漁書日誌 3.0

はてなダイアリー廃止(201901)を受けてはてなブログに移設しました。

扶桑書房古書目録平成22年夏季号

扶桑書房の夏季目録が届いた。
昨年もここで紹介した、目録自体が限定120部で、奥付に限定記番および所蔵者名があらかじめ記された、掲載商品が超豪華な逸品揃いという要保存目録である。
冒頭に配された店主による「ひとこと」には、〈日々、送られてくる通販目録と同じ運命を辿らないために〉〈目録にいかに資料的価値を加えるか〉という本目録の狙いが明確に述べられている。けだし、この目録はまず資料そのものとして一級品であろう。むろん、数十万単位から百万、二百万円以上と、超豪華一級品揃いで、今年の七夕など目じゃない内容なのだが、オールカラーの上、懇切な解説がこれまた長文で、あたかもこの目録自体が一冊の古書肉筆逸話集となっている趣すらある。


表紙と奥付。
それでまあ、どういったものが出ているかというと……まず先頭に出ているのが、宮沢賢治肉筆入り手製名刺1000000円。福田清人旧蔵。

それから例えば、これ。

泉鏡花「冠弥左衛門」初版・再版二冊袋欠揃1200000円。ウウム。初版は、大阪にあった田中宋栄堂発行、再版は同じ紙型で表紙が変わり東京の朗月堂より発行。少し余白が大きくなったようだ。この「冠与左衛門」は鏡花本最難関の一本でもあろう、特に初版の袋は未だに確認されていない。ほかには、一葉の書簡4000000円、太宰「晩年」の極美アンカットの山崎剛平宛署名本2800000円、菊池寛「籐十郎の恋」の元になった小説「坂田籐十郎の恋」直筆原稿揃2000000円、福永武彦「ある青春」特製岩松貞子宛識語署名本480000円等々。

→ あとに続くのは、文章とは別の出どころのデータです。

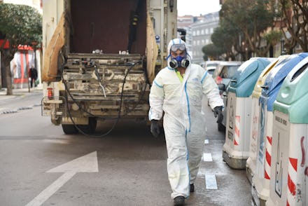 Of course, the potentially hazardous and infected waste isn't just coming from hospitals. It’s also coming from the homes of people who have been infected or exposed to the virus. According to a study published in the New England Journal of Medicine, the virus can live on cardboard for up to a full day, and can last even longer on metal or plastic — up to 72 hours. This may require extra precautions from sanitation workers in order to ensure they don't accidentally come into contact with contaminated trash. The World Health Organization (WHO) recommends those dealing with the potential virus-carrying garbage wear boots, long sleeves, gloves, and goggles or face shields when handling the waste. It's also important that people properly bag their trash so that sanitation workers don't have to interact with it directly. Thus far, according to WHO, proper precautions have paid off. “There is no evidence that direct, unprotected human contact during the handling of health care waste has resulted in the transmission of the COVID-19 virus,” the organization said in a technical brief published earlier this month.
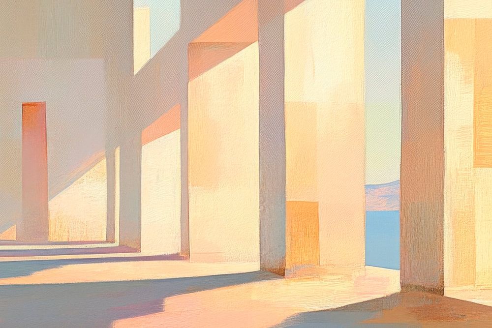 De doux tons pastel et des jeux de lumière harmonieux confèrent à cette œuvre une atmosphère de rêve. Les éléments architecturaux, qui semblent mener à l'infini, invitent à la rêverie. Idéale pour un salon, elle favorise la détente et inspire des conversations créatives - un accroche-regard qui stimule l'imagination.
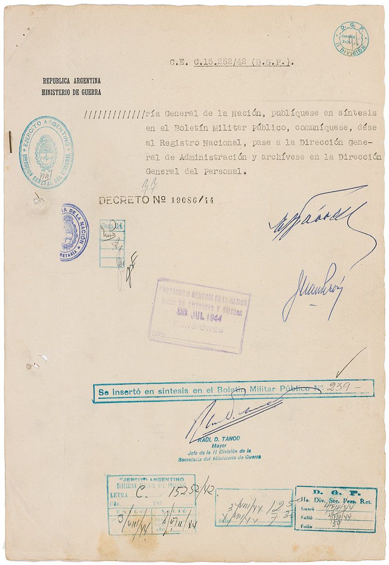 DS, in Spanish, two pages, 8.75 x 13, July 20, 1944. Untranslated two-page official document, signed on the second page in blue ballpoint. In very good condition, with rusty staples and holes to left edge, several punch holes, uniform toning, and some scattered light creases.
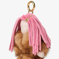 Margot bag charm made of nappa leather with pink mink hair and gold leather clip decorated with FF logo. Brown mink coat. Jersey socks and nappa leather slippers with shearling details decorated with the iconic FF motif in brown. Leather loop with clip and hot-stamped Fendi Roma logo on the back. Gold-finish metalware. Perfect for customizing the look of the collection bags. Made in Italy This product is not a toy and is intended as intended exclusively for adults. Composition: 100% zamak, 100% mink fur, 100% lamb leather, 100% sheep fur, padding: 100% polyester Product Code: 7AS437AYINF0MWU
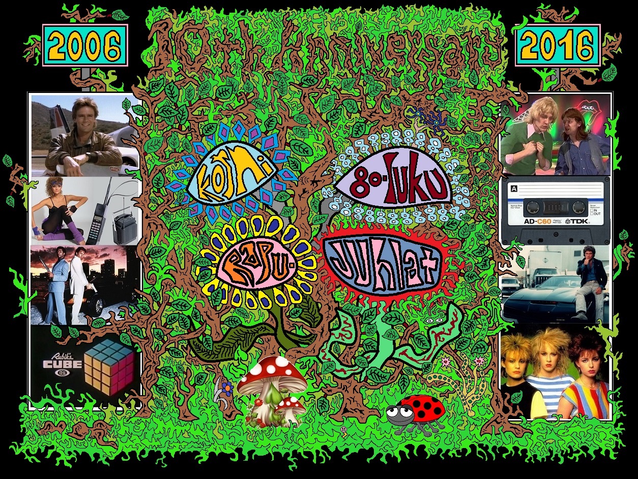Siksipä korskean pyhänä vannottu harras valamme olikin, että hienoisesta romuluisuudestaan huolimatta jopa yllättävänkin reippaiden rapuhumputtelujen joutuisaa varttumista vilkkaaksi, pikkuvanhaksi ja uteliaaksi kymmenvuotiaaksi koltiaiseksi pitäisi muitta mukinoitta kyetä juhlistamaan johonkin vieläkin suuruudenhullumpaan ja mahtipontisempaan metodiin tarrautuen ja tarjota ikäänkuin siinä sivussa jälleen kerran periaatteessa jo täysin piloillehyysätyille rapuklaanilaisille freesisti uudenlainen ja vuorenvarmasti ennenkokematon merkintä jo monenlaista jänskää näiden bileiden saralla takuulla sisältävään, kutkuttavasti yhä entisestään paisuvaan, messevän moniulotteiseen kokemuspankkiin. Rytkäytimme siksi paikoin paahteisen helteiseksikin yltyneen kesäkauden saatossa koko konferenssihallin patioalueen kolossaalisella tavalla uudistettuun kuosiin aivan sitä vihoviimeistä, kehitystä vastaan turhaan hangoitellutta senttimetriä myöten.

谷崎潤一郎「摂陽随筆」永井荷風宛献呈署名本+永井荷風「勲章」谷崎潤一郎宛献呈署名本セット350000円。やっぱり宛先が超一流。これで本が代表作みたいなものだったら、もっとスゴイのだろうなあ、と。
まあ、こういったものがズラリと出ているわけだ。無論、注文出来るような身分ではないので、じっくりつらつらと眺め回してはいいなあと、読み物の如く目録を読む。今時、注文関係なく読める目録などないし、正に店主の言葉にあるように、今後貴重な資料として珍重されるのは間違いないだろう。